▶ **YOUR INSTRUCTIONS**: In the material below, please retype the lines from the very first through the one with "Книжечка гармошкой про", exactly and without pictures.

▶ **GIVEN DATA**:
-*-*-

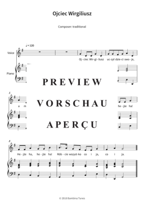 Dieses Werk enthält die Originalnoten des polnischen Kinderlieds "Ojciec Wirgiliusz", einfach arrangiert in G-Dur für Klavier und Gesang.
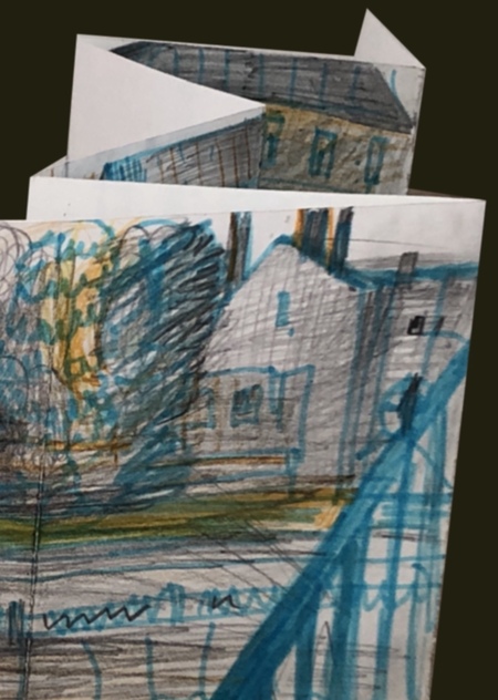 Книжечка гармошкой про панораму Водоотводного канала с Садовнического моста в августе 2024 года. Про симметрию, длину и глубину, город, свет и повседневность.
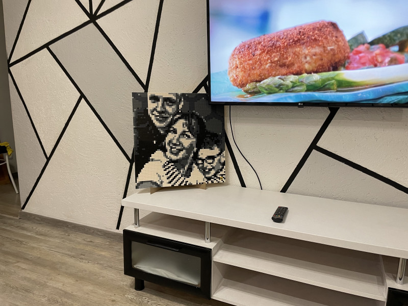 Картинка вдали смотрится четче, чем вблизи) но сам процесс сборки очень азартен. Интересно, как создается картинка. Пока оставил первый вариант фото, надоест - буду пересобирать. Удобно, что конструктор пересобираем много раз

-*-*-

▶ **TASK RESPONSE**:
 Dieses Werk enthält die Originalnoten des polnischen Kinderlieds "Ojciec Wirgiliusz", einfach arrangiert in G-Dur für Klavier und Gesang.
 Книжечка гармошкой про панораму Водоотводного канала с Садовнического моста в августе 2024 года. Про симметрию, длину и глубину, город, свет и повседневность.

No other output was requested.